One Time Identification, a request for comments/testing.
Good evening, I hope this note finds everyone's day going well.
Its becoming increasingly obvious that the utility of passwords are
becoming problematic. If users are forced into passwords with
sufficient entropy they write them down. Products such as PRTK are
making it increasingly difficult to select passwords which can be
easily remembered and yet are secure.
Common solutions to this problem include One Time Password systems and
pre-authentication strategies such as PKINIT. While effective these
systems each have their own issues ranging from diminished entropy to
complexity.
For the last several months we have been working on an alternative
strategy for a system which combines two-factor authentication with
strong single use passwords. The primary focus of this work was to
develop a system which integrated naturally with desktop based
Kerberos authentication and was freely implementable.
The purpose of this note is to introduce the work and get
comments/feedback from the community.
The proposal is referred to as OTI or One Time Identification.

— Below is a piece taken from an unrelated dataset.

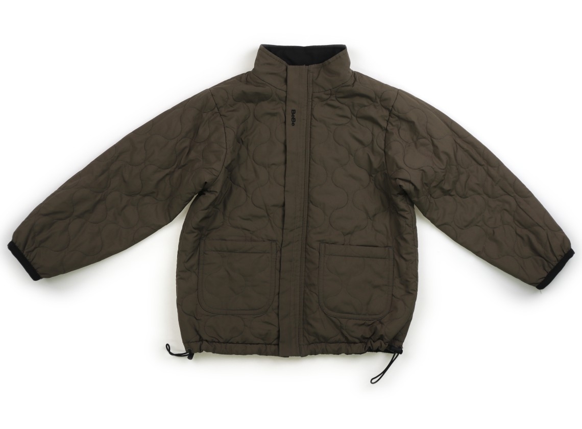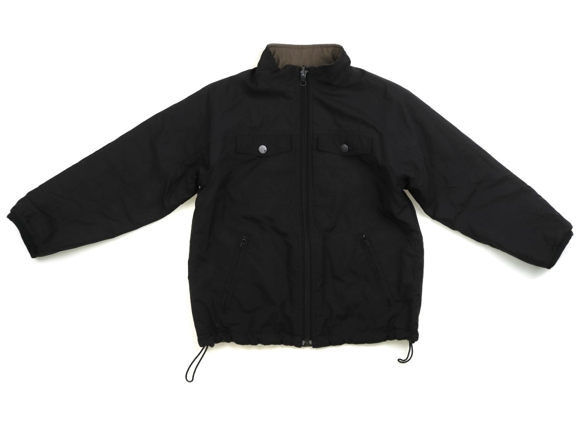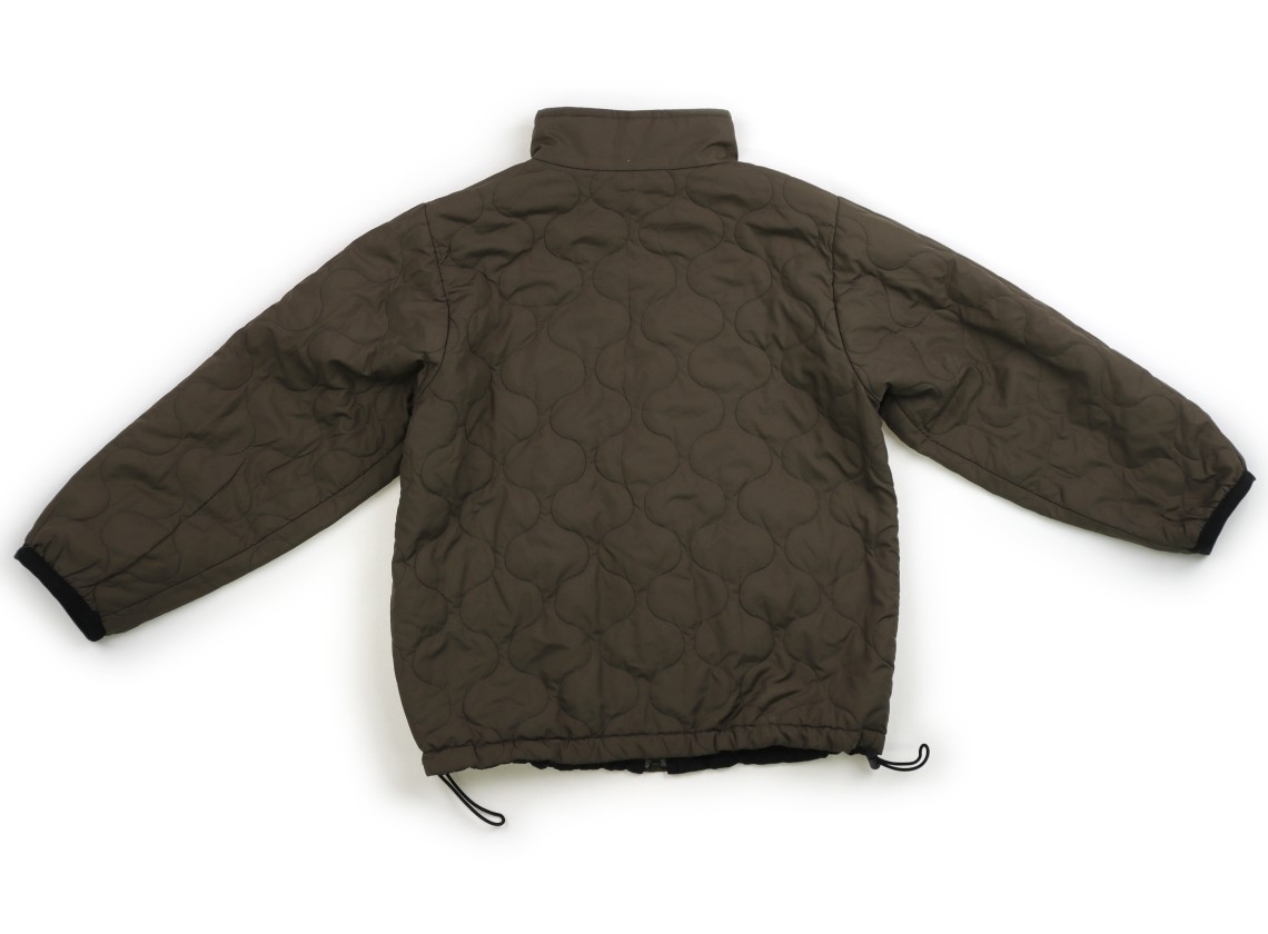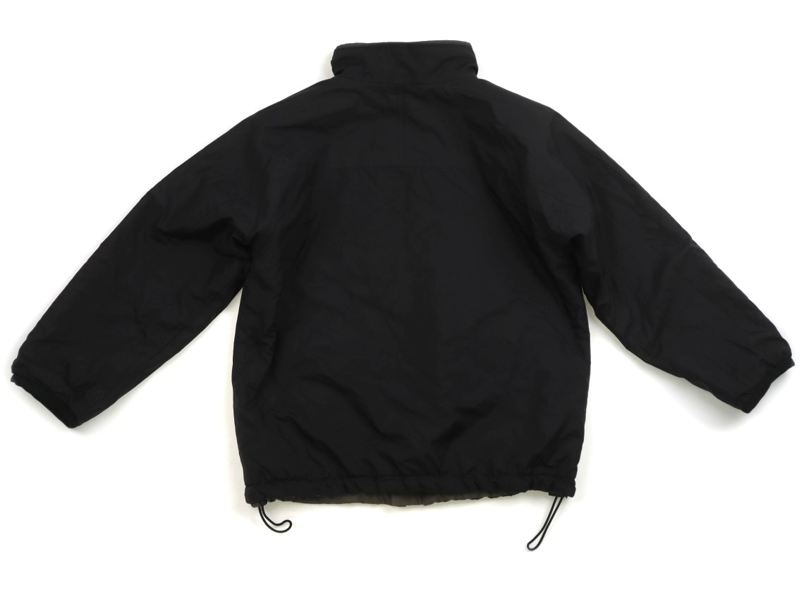 ポリエステル素材。中綿入り。リバーシブル仕様。ファスナー金具に剥げあり。黒側の身後袖とカーキ側の裾に1-2mmほどの穴があります。薄い汚れがいくつか見られます。

The
system is based on an identity token which can be carried on a
standard USB flash disk. The identity token is included in an
identification payload which is symmetrically encrypted and included
in the AS_REQ authorization field. The KDC decrypts and verifies the
identity upon receipt of the AS_REQ. If the OTI identity matches that
of the principal requesting the service the AS_REP proceeds.
The identity token consists of a DER encoded structure of the
following information:
1.) 32-bit identity epoch time.
2.) RSA encrypted 160-bit user identity.
The epoch time is randomly chosen when the user's identity token is
generated. RSA encryption is done against a private key held by the
KDC.
When the AS_REQ is composed a DER encoded data structure of the
following elements is created:
1.) Authentication request time.
2.) IP address of target KDC server.
3.) RSA encrypted identity.
A time interval dependent key scheduler is used to derive a symmetric
encryption key using the following information:
1.) Epoch time of identity.
2.) Offset of authentication time from identity epoch time.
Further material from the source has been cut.